15. Il résulte de ce qui précède, sans qu’il soit besoin d’examiner les fins de non-recevoir opposées en défense, que les conclusions à fin d’annulation de la délibération du 21 décembre 2022 par laquelle le comité syndical du syndicat mixte du pays de l’Ardèche méridionale a approuvé le schéma de cohérence territoriale de l’Ardèche méridionale et de la décision du 12 mai 2023 par laquelle le président du syndicat a rejeté le recours gracieux des requérantes doivent être rejetées.

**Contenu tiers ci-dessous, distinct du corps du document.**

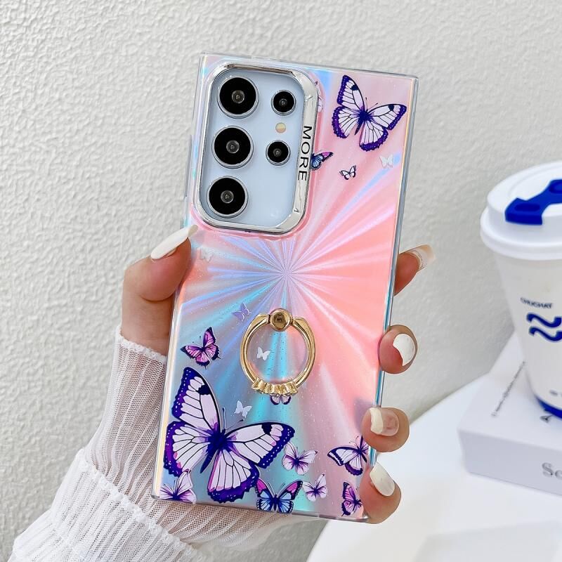 For Samsung Galaxy S22 Ultra 5G Electroplating Laser Butterfly Ring Holder Phone Case(Purple Butterflies AB3)

Sur les frais liés au litige :
16. Les dispositions de l’article L. 761-1 du code de justice administrative font obstacle à ce que soit mise à la charge du syndicat mixte du pays de l’Ardèche méridionale, qui n’est pas, dans la présente instance, la partie tenue aux dépens ou la partie perdante, la somme demandée par les requérantes au titre des frais exposés et non compris dans les dépens. Dans les circonstances de l’espèce, il n’y a pas lieu de mettre à la charge des requérantes une somme à verser au syndicat mixte du pays de l’Ardèche méridionale au titre de ces mêmes dispositions.
D E C I D E :
Article 1er : La requête de la SCI Europa, l’association Tendances Aubenas, la SCI L 3 J M et la SCI Alika est rejetée.
Article 2 : Les conclusions présentées par le syndicat mixte du pays de l’Ardèche méridionale en application des dispositions de l’article L. 761-1 du code de justice administrative sont rejetées.
Article 3 : Le présent jugement sera notifié à la SCI Europa, pour les requérantes, et au syndicat mixte du pays de l’Ardèche méridionale.
Délibéré après l’audience du 13 novembre 2025, à laquelle siégeaient :
- M. Thierry Besse, président,
- Mme Flore-Marie Jeannot, première conseillère,
- Mme Marie Chapard, première conseillère.
Rendu public par mise à disposition au greffe le 27 novembre 2025.
La rapporteure,
F.-M. A…
Le président,
T. Besse
La greffière,
S. Saadallah
La République mande et ordonne à la préfète de l’Ardèche en ce qui la concerne ou à tous commissaires de justice à ce requis en ce qui concerne les voies de droit commun contre les parties privées, de pourvoir à l’exécution de la présente décision.